Last year, 3Bute created mashups of the Caine Prize short list, says Caine Prize administrator and literary scholar Lizzy Attree. Her organization also works with publishers to produce e-anthologies, the first in 2009.

"In Africa, where distribution is so hard, e-publishing is the way forward," Ms. Attree says. It is "the key to getting younger people involved." 

She acknowledged, though, that much of the potential has yet to be realized. She still hears complaints from readers in Africa that bandwidth limitations can make downloading an e-book slow and uncertain.

Reaching new readers

Attree has put Caine Prize winners in touch with Worldreader, a Western, donor-funded non-profit that distributes pre-loaded e-readers to schools across Africa and has recently developed its own mobile reading app, which it says is now on 5 million phones, most of them in Asia and Africa.

She encourages them to allow the organization to use their work for free. Short stories, she says, may be particularly attractive for someone reading on a mobile phone.  

"We have a great faith in the short story as such a vehicle for our time," she says.

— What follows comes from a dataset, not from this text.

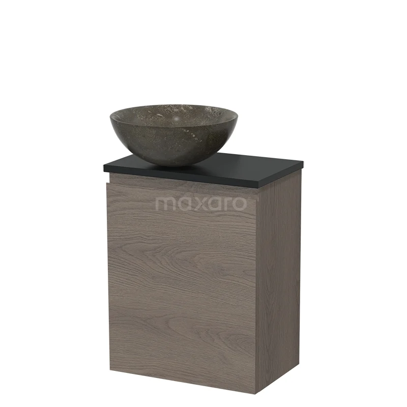 WC-Möbel mit Aufsatzwaschbecken | 41 cm Dunkelbraune Eiche Grifflose Front Blaustein Naturstein Aufsatzwaschbecken Matt Schwarz Platte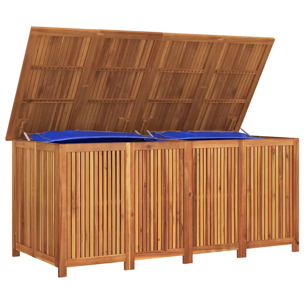 Ez a kerti, tömör fa tárolóláda bőséges tárolóhelyet biztosít a kerti bútorok párnáinak, kertészkedéshez használt szerszámoknak, és bármi másnak, amit elérhető közelségben szeretne tudni kültéri környezetében. Beltéren is használható. Tömör akácfa: A fa tárolódoboz tömör akácfából készült. A tömör akácfa egy gyönyörű természetes anyag, amely sűrű, erős és strapabíró.Bőséges tárolóhely: A tárolóhely megkönnyíti a holmik rendezett tárolását. Alkalmas ülőpárnák, hátpárnák, takarók, és egyebek tárolására.Vízálló zsák: A cipzáras, vízálló zsák megóvja tárgyait a nedvességtől. Jó tudni:A kültéri bútor szépségének megőrzése érdekében javasoljuk, hogy vízálló huzattal fedje be.

Like Kwani’s Wachuka, Attree believes that readers who start with free stories might go on to buy books. They also might go on to be writers who will one day submit short stories to Caine Prize judges, Attree says.

Sudanese novelist Leila Aboulela is a Caine Prize awardee who allowed Worldreader to include her winning story, "The Museum," in its library.

"It’s a very good way of reaching points of the world where it’s difficult for books to reach," Ms. Aboulela says.

From her home in Scotland, she says she can easily imagine her short story being read on mobile phones in Africa. 

Unlike in the West, she says, many African readers grew up with phones as their primary reading device, rather than books or computers. 

"People there are much more comfortable with technology than even we are here in the West," she says.